The objective of this project is to put together some of the topics we learned this semester to work on real-world problems.
The data management part aims to create an analytic data set that has enough information for the exploratory data analysis (EDA) to be discussed next week. The specific information and variables to be integrated into the final data set will be detailed in the subsequent sections.
Part I: Data Integration - Using Either R or SAS
2. Data Sources
The involved data sets can be found in the following.
The information to be included in the analytic data set is outlined in the following.
Presidential Election Data: The following information should be kept in the final data set
only use the 2020 election data
only keep the data for the two major parties: Democrats and Republicans
aggregate the total votes and keep the winning party in the data
county FIPS code, State name, county name, total votes received in the winning party, and the name of the party
Unemployment Data: The following information should be kept in the data
Only keep the unemployment date in the year 2020 or the most recent year if the 2020 employment rate is unavailable
County FIPS code
Unemployment rate
Poverty Data: The following information should be kept in the data
Keep only 2019 poverty rate [the variable name in the data set: PCTPOVALL_2019]
County FIPS code
Education Data: The following information should be kept in the data
only keep the percentage of education levels between 2015 and 2019.
Education levels
less than a high school diploma
high school diploma
completed some college (1-3 years)
completed four years of college
County FIPS code
After finishing managing the above relational data sets, combine them to create a single data set in which each county has only one record.
4. Some Suggestions on Coding Conventions
The following are some suggestions on best practices in coding projects with multiple tasks.
Formatting: A good programmer should write code in ways that make review as easy to read as possible. Good formatting of the code is essential.
Putting multiple statements on one line hurts readability
Putting each variable on its own line when having multiple variables
Indentation. When using SAS, all the statements in each DATA step or PROC step should be indented except for the first and last one
Commenting: Commenting makes the code more readable and understandable. It should be used in your code appropriately. The following are a few occasions a comment should be used.
A program header containing a list of information about the program
When making a change to the code, commenting should be made appropriately
When a code line or code block involves your smart idea that is not obvious to others, you need a comment on it.
Naming Conventions: Using the naming conventions in your code.
Dataset names should describe what is in the dataset (i.e., the name should be descriptive).
The key to choosing variable names is clarity.
Part II: EDA and Visualization - Using R Only
5. EDA and Statistical Graphics
As an integral part of exploratory data analysis, statistical graphics make it easier to identify patterns, trends, outliers, etc. from a data set.
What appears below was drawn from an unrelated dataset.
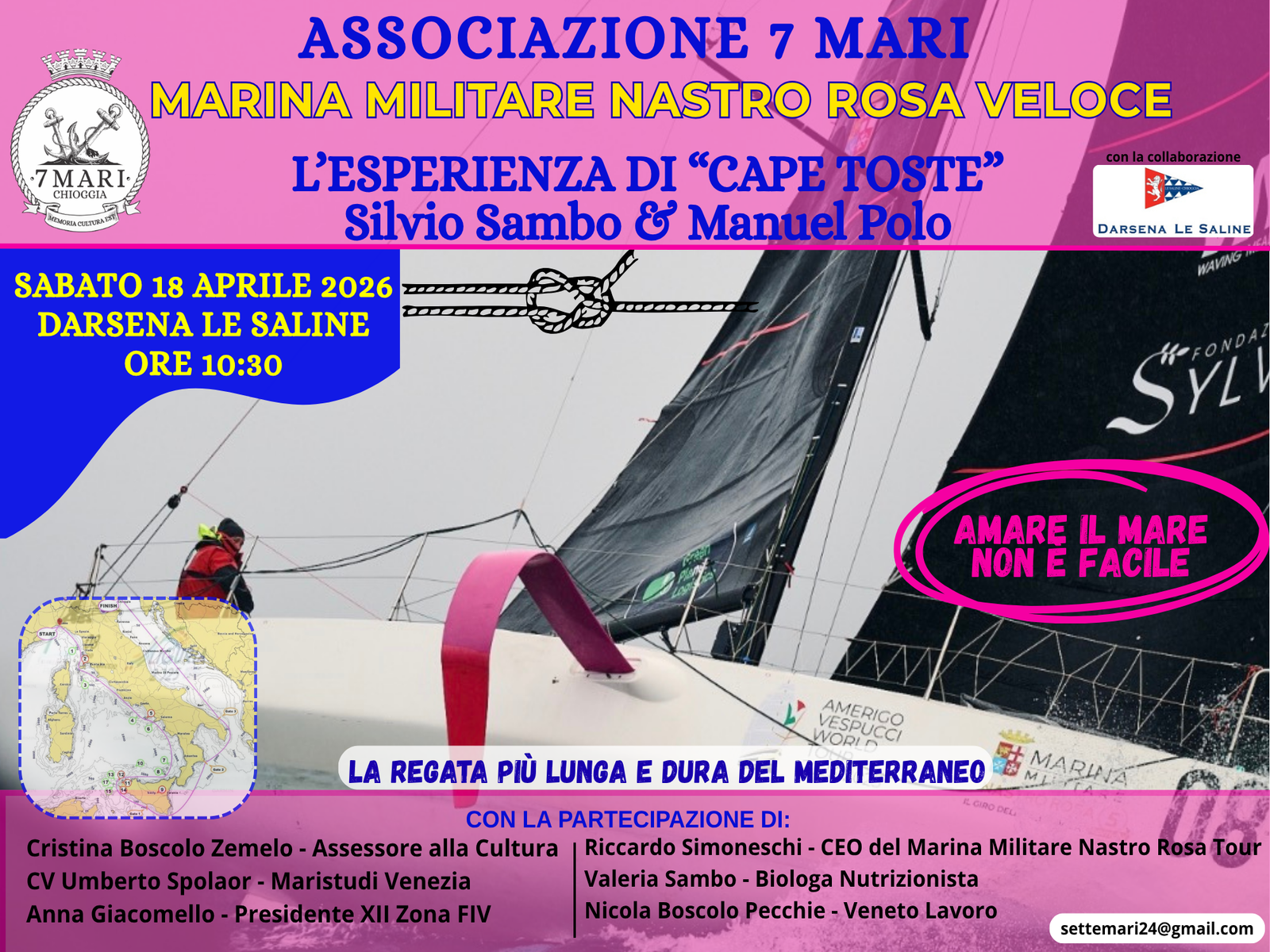Silvio Sambo e Manuel Polo racconteranno l’esperienza di “Cape Toste”, all’interno del progetto Marina Militare Nastro Rosa Veloce: un percorso fatto di resistenza, strategia e profondo legame con il mare.

The primary goal of EDA is to detect (hidden) patterns in the data. I will not ask you to perform specific EDA. However, I would like to see the three basic techniques in your analysis report.
Distributional information of single variable and relevant visual representation
Describe the relationship between two variables
Pairwise comparisons
Please keep in mind that the characterization of categorical and continuous variables uses different approaches. When assessing the relationship between two variables, you must consider whether they are continuous, categorical, or a mixture of both.
5. Comments on Visual Representation
First of all, visual representation includes both tables and graphics. Please follow the best practice of visual representation to include the required components of tables and figures that are listed below.
Table Representation
Table caption
Table header
Figure Representation
Title
Labels of both axes
Figure captions
Legends
Annotations if needed
In addition, each table and figure must be interpreted briefly based on the observed patterns.
6. Project Reporting - Using RMarkdown
Your project report is the formal description of your project. The format should be similar to statistical journal articles. The report should be about 10 pages in length (excluding code) and contain the following components.
Problem Statement and Background
Give a clear and complete statement of the problem(s) you plan to address. Where does the data come from, and what are its characteristics?
Include background material as appropriate: who cares about problems and what impacts the questions have
Objectives of data integration
Software programs to be used in the projects and the reason you use it
Data Integration
Write narrative paragraphs to describe the process of data integration (refer to the specified steps)
Use sections and subsections with descriptive headings to organize your work
Describe the final aggregated data set: size, variable lists, variable types
Describe the steps of data inspection for anomalies
Exploratory Data Analysis
You may perform various analyses, but only report practically meaningful results
Each subsection focuses on one analysis with visual representations whenever relevant
Each analysis should be accompanied by narrative paragraphs to describe the patterns you observed from the visual representations.
Results and Discussions
Give a detailed summary of the results of your work. Here is also where you make some inferential statements based on your statistical knowledge and formulate new research questions or update/modify your initial questions based on the uncovered new patterns.
Include only important outputs (figures and tables) that support your arguments in the report. Please do not simply copy or screenshot visuals from any output and paste them into the report. The table and figures should be directly generated from the software program you used in the EDA.
Interpret each of the tables and figures that you included in the report.
Please use visualizations whenever possible. You are particularly encouraged to use interactive graphics in your report.